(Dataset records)

○ ○ ○

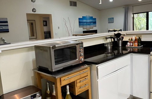 The kitchen is equipped with refrigerator, stove, microwave, dishwasher, garbage disposal, coffee maker, mixer, toaster oven, cooking and dining utensils and sets.
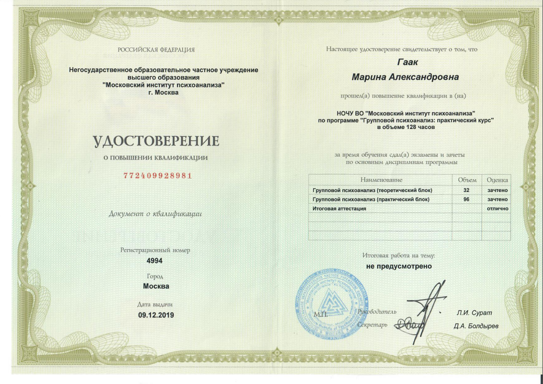 Московский Институт Психоанализа 2020 г. Групповой психоанализ и психодинамическая психотерапия
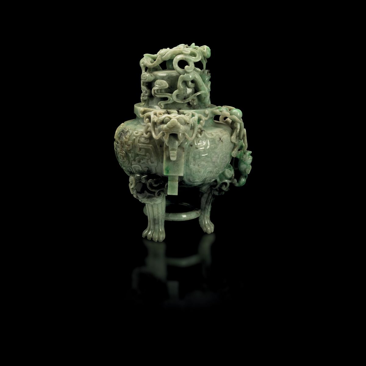 Vaso con coperchio scolpito in giadeite con sfumature green apple, mascheroni, figure di draghetti a rilievo e decori incisi, Cina, Dinastia Qing, XIX secolo
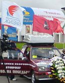 После возложения цветов к мемориалу и благословения священника был дан старт автопробегу. Старт давал генерал армии Шуралев. Автомобили, украшенные символикой Российской партии ЖИЗНИ и фонда «Возрождение», отправились в путь.
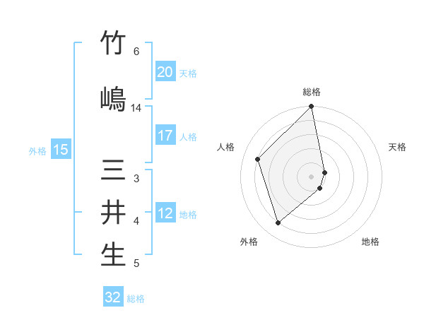竹嶋 三井生さんの総格は32画の5点!
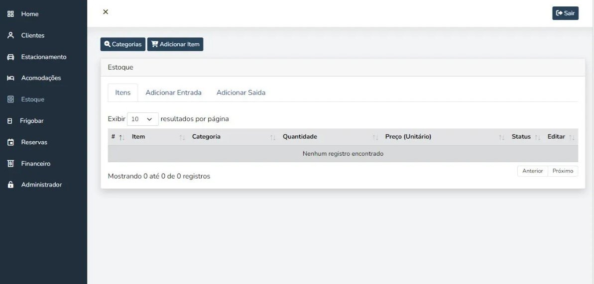 • Estoque: É possível adicionar itens ao estoque, realizar entradas e saidas de itens.
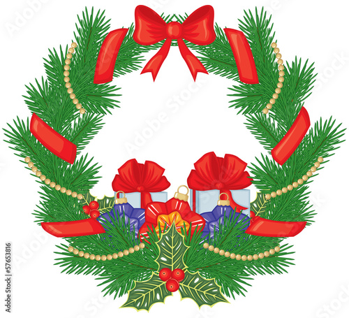 christmas, new year, bauble, gift, bow, ribbon, fir, tree, tree branch, background, holly, holiday, winter, chaplet, garland, decor, decorated, season, symbol, congratulation, edit, picture, bead, needle, beautiful, drawing, vector, isolated, vector graphics, illustration, cartoon, animation, colourful, many-coloured
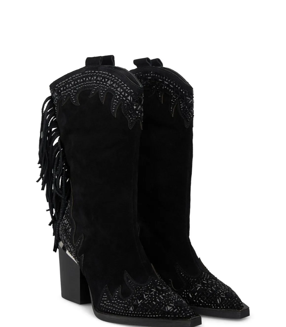 Media bota de mujer con tacón tipo bloque. La caña con detalles brillantes y flecos y puntera afilada. La altura del tacón es de 8,5cm y la caña de la bota mide 25cm.

○ ○ ○

## Exercise
Reproduce verbatim every line starting at the line that holds "christmas, new year, bauble, gift, bow, ribbon, fir, tree, tree" and ending with the final line of the data; omit the pictures.

## Written solution
 christmas, new year, bauble, gift, bow, ribbon, fir, tree, tree branch, background, holly, holiday, winter, chaplet, garland, decor, decorated, season, symbol, congratulation, edit, picture, bead, needle, beautiful, drawing, vector, isolated, vector graphics, illustration, cartoon, animation, colourful, many-coloured
 Media bota de mujer con tacón tipo bloque. La caña con detalles brillantes y flecos y puntera afilada. La altura del tacón es de 8,5cm y la caña de la bota mide 25cm.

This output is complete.